Now there is a long debate of where farang (white people) should go to eat. Yes, there are upscale Thai restaurants that you can eat at but that’s not the to food I came to Thailand for not the food that’s going to show their culture the best. I came her to try new things, taste new flavors and have new stories. I say, stick with the places you see many locals eating at.  The market is your best bet when it comes to diversity. They have pretty much everything your “Thai” mind could imagine. Anything from rice topped with pork and a sweet whiskey sauce to noodle soup with dumplings and fried pork fat. You can also eat at a small restaurant, which usually tends to be home of the person who is cooking for you, on their bottom floor. The storefront opens up to the street and usually has a garage door to close up at night. These places either have anything and everything you could imagine or they stick to one thing like rice or noodles. Sometimes, if you’re lucky, you can find a Chinese restaurant. They tend to be a little more expensive but definitely worth it. The fusion of flavors are unreal. Your last option to look for food is the random, dispersed but plentiful, food stalls on the side of the street. You can tell what they are making just by looking: buns, rice bowls, noodle bowls, dim sum, roti, and anything you can dream of on a skewer (more on that to come).  These are always good and always very quick, sometimes eating at a sit down place can seem like it takes days to get your food. These little food stalls have anything you want and can go anywhere you want.
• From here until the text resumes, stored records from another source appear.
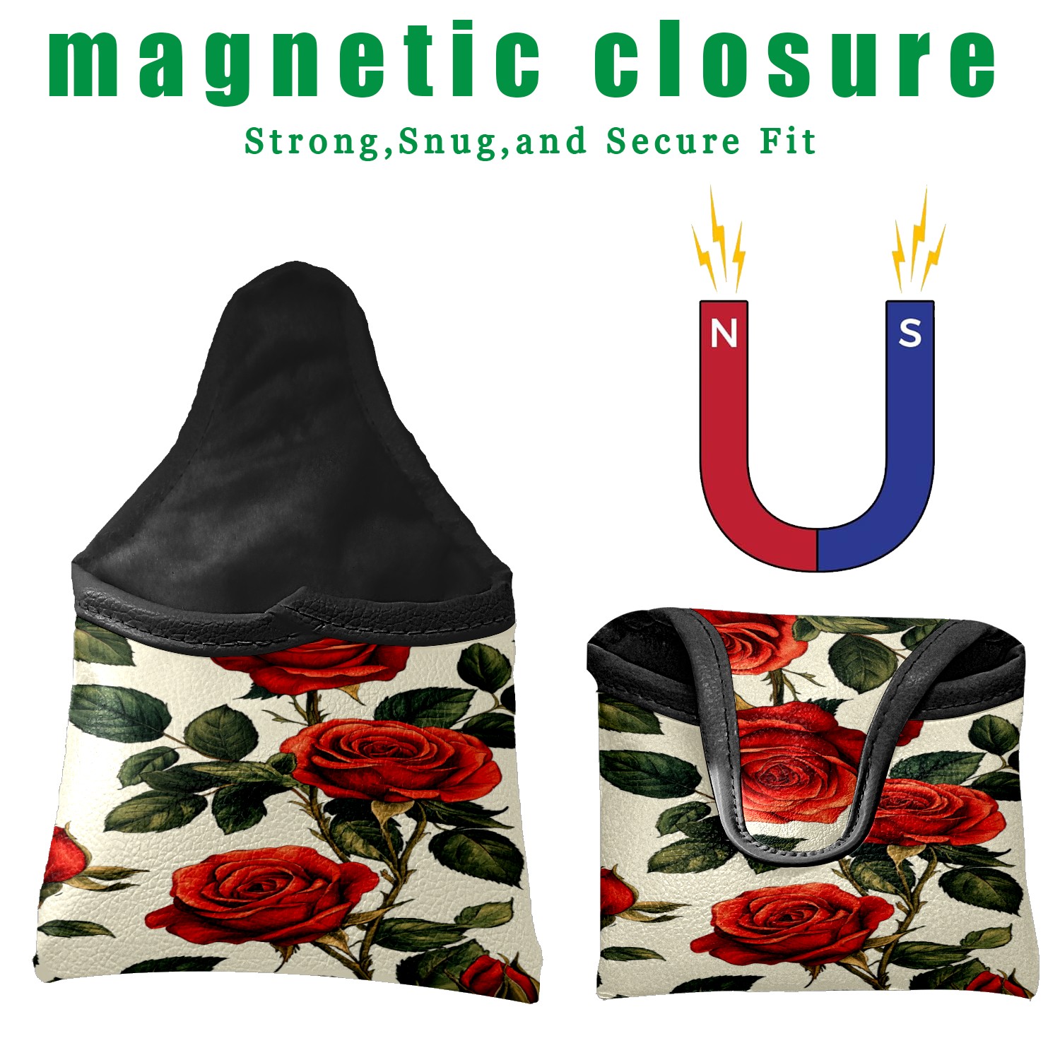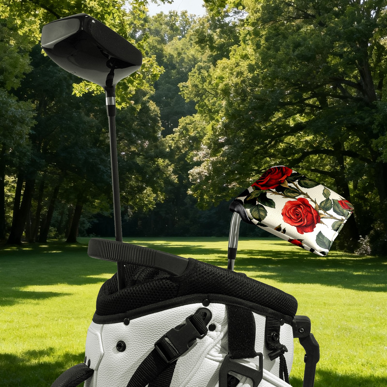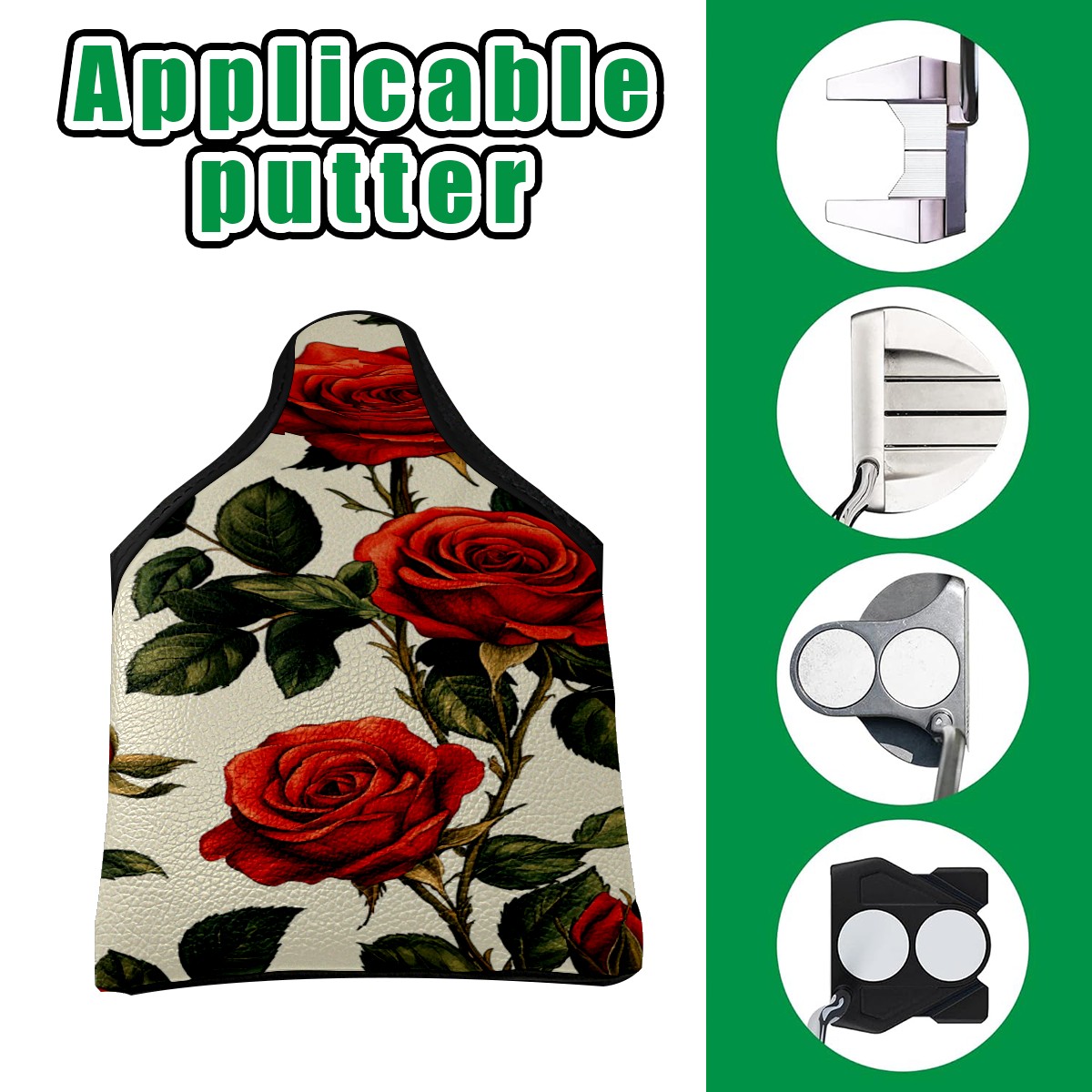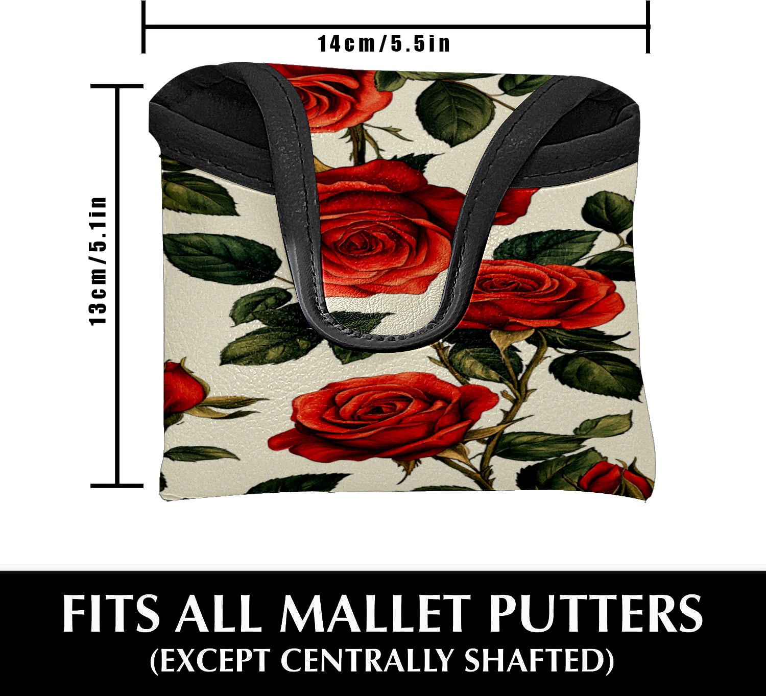 Mallet Putter Cover, Waterproof PU Leather, Portable Design, Perfect Golf Gift for Men & Women Red Rose Pattern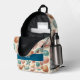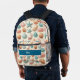 Las conchas marinas y las estrellas del mar en azul y marrón, con un fondo de arena clara, crean la perfecta mochila temática de la playa. Ideal para los amantes del océano y de la playa.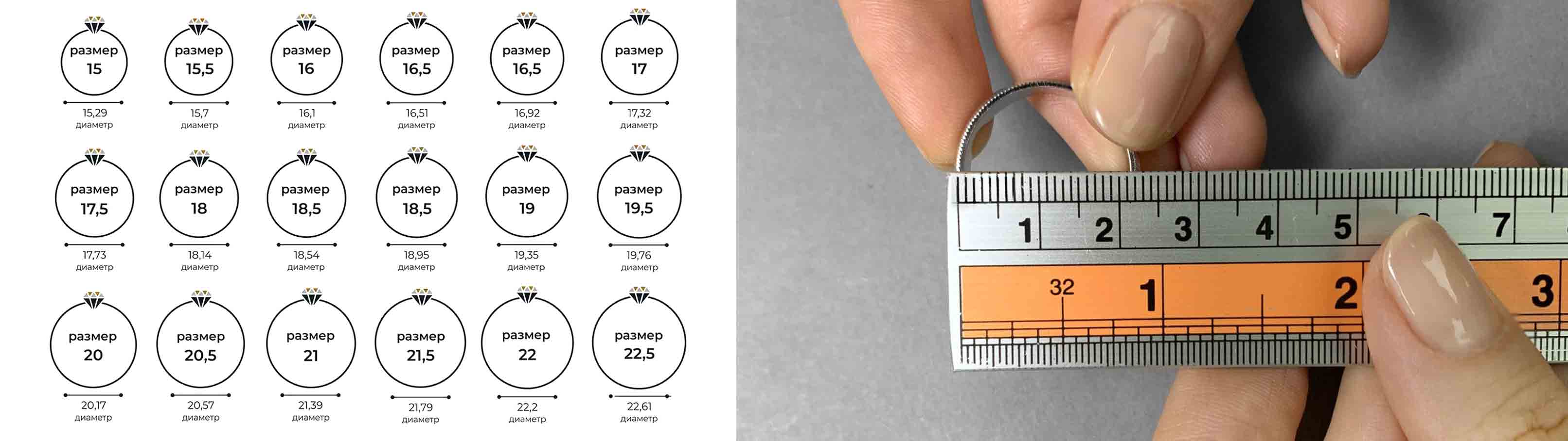 - В России размер кольца обычно равен внутреннему диаметру в миллиметрах.

They tend to be on wheels, and are easily movable. All you need is your finger and the courage to point to whatever looks good. Most of these places have the prices somewhere on the stall. This helps you stay away from being overcharged, which does happen.

Dried Chilies
Anywhere you go you can expect to spend from 20 baht for something so simple as rice with some veggies to 200 baht for something very extravagant like a whole cooked fish skewered on a metal rod and spun around over coals. Remember 34 baht is 1 American dollar. Thai food is cheap and that’s why Thai’s go out to eat, but not to forget that its also of great quality and superior taste. Thai’s live to eat and their beautiful food proves that. Thailand is a place to come, eat and be happy and that is what I hope this blog shows. It’s not a display of the many things to go do or the many places to see but the many things to eat and the many places to eat it at. I want to show that there are foods normal to American standards but more so that the foods so far from what we know and that those foods should be the ones desired. Thai’s know good food and this will be my interpretation of it.